Hugo Bargas

Personal information
- Full name: Hugo Christophe Bargas
- Date of birth: 22 October 1986 (age 38)
- Place of birth: Le Puy-en-Velay, France
- Height: 1.82 m (6 ft 0 in)
- Position(s): Forward

Youth career
- All Boys

Senior career*
- Years: Team / Apps / (Gls)
- 2007–2008: All Boys / 20 / (4)
- 2008–2011: De Graafschap / 69 / (22)
- 2009: → Zwolle (loan) / 18 / (4)
- 2011–2012: All Boys / 4 / (0)
- 2012: Gimnàstic / 5 / (0)
- 2012–2013: Blooming / 35 / (15)
- 2013: Oriente Petrolero / 15 / (0)
- 2014: Cremonese / 2 / (0)
- 2014: Deportivo Cuenca / 24 / (3)
- 2015–2017: Blooming / 28 / (16)
- 2017–2018: Neftchi Baku / 26 / (5)
- 2018: Blooming / 26 / (8)
- 2019: Deportivo Madryn / 16 / (6)
- 2019: Al-Yarmouk / 0 / (0)
- 2019: Central Norte / 7 / (0)
- 2020: CD FAS / 6 / (1)
- 2021: UAI Urquiza / 18 / (1)

= Hugo Bargas =

French professional footballer (born 1986)

Hugo Christophe Bargas (born 22 October 1986) is a French professional footballer who plays as a forward and was recently signed by Club Deportivo FAS in Primera División de Fútbol de El Salvador.

==Club career==
Born in Le Puy-en-Velay to a French mother and an Argentine father, Bargas moved to Argentina at early age, and graduated from All Boys' youth setup. He made his senior debut on 29 September 2007, scoring the last of a 5–0 home routing over CA San Telmo in the Primera B Metropolitana.

Bargas appeared 20 times and scored four goals during the 2007–08 campaign, as his side were promoted to the Primera B Nacional. On 1 September 2008 he moved abroad, joining Eredivisie side De Graafschap.

Bargas played his first match as a professional on 14 September, coming on as a second-half substitute in a 1–0 home win against Vitesse Arnhem. After appearing only three times in the season, all from the bench, he was loaned to FC Zwolle in January 2009, until June.

Bargas subsequently returned to De Graafschap, being an undisputed starter as his side was crowned champions of 2009–10 Eerste Divisie, scoring 16 goals in the process. In July 2011 he returned to All Boys, with the club now in the Primera División.

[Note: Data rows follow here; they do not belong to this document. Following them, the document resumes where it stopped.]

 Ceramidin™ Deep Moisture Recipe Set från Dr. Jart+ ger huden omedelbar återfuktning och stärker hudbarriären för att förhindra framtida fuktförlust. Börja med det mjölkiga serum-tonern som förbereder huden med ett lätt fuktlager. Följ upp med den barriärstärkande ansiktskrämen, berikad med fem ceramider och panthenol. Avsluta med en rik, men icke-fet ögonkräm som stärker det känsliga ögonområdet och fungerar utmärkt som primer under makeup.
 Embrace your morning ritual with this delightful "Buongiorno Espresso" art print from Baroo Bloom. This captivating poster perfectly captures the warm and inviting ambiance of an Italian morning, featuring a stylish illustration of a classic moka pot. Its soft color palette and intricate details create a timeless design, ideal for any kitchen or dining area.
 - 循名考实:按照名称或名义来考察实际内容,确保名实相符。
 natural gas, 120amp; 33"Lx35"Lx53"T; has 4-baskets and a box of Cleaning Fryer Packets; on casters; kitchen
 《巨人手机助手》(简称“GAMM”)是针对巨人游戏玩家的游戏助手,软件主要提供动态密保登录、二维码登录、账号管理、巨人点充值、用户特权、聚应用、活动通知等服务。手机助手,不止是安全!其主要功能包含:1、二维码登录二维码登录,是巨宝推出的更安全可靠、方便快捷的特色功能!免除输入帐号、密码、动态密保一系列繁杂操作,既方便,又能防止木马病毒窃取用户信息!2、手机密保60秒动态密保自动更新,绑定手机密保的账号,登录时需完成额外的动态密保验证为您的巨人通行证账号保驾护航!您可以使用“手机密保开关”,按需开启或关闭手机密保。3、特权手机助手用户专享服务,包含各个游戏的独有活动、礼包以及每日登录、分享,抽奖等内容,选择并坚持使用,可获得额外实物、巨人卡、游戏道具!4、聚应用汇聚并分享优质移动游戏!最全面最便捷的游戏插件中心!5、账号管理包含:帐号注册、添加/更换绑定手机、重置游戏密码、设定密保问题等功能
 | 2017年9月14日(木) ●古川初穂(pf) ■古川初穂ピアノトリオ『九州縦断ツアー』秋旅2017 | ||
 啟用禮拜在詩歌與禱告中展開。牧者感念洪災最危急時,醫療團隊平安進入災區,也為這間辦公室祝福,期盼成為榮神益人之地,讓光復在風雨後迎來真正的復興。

On 22 January 2012, after appearing in only four matches, Bargas signed a six-month contract with Spanish Segunda División club Gimnàstic de Tarragona. He made his debut seven days later, replacing Fernando Morán in the 52nd minute of a 1–2 home loss against UD Almería.

On 20 April, Bargas rescinded with the Catalans, placed in the relegation zones. In June 2012 he signed a one-year deal with Bolivian side Club Blooming.

On 9 July of the following year, after being Blooming's top scorer in the campaign, Bargas joined fierce rivals Oriente Petrolero. After starting rarely he rescinded his link in January 2014, and switched teams and countries again, signing for Italian Lega Pro Prima Divisione side U.S. Cremonese.

On 19 June 2014 Bargas moved to Ecuador, joining Deportivo Cuenca. On 8 January 2015 Bargas signed a one-year contract with Blooming for his second spell with the club. On 12 August 2015 Blooming won its first Copa Cine Center thanks to two goals netted by Bargas in 4-0 victory over Wilstermann in the final game.

On 28 January 2017, Bargas signed for Neftchi Baku of the Azerbaijan Premier League. In October 2017, Bargas extended his contract with Neftchi Baku for another six-months, until the end of the 2017–18 season, however this was terminated by mutual consent on 9 January 2018.

Borges announced on 31 July 2019 that he had joined Kuwaiti club Al-Yarmouk SC. However, he announced a few weeks later that he would leave the club again due to a contractual issue. He ended up returning to Argentina and joined Central Norte on 27 August 2019.

==Honours==
All Boys
- Primera B Metropolitana: 2007-08
De Graafschap
- Eerste Divisie: 2009-10
Blooming
- Copa Cine Center: 2015

==Personal life==
He is the son of Argentina international footballer Ángel Bargas, who participated in the 1974 FIFA World Cup.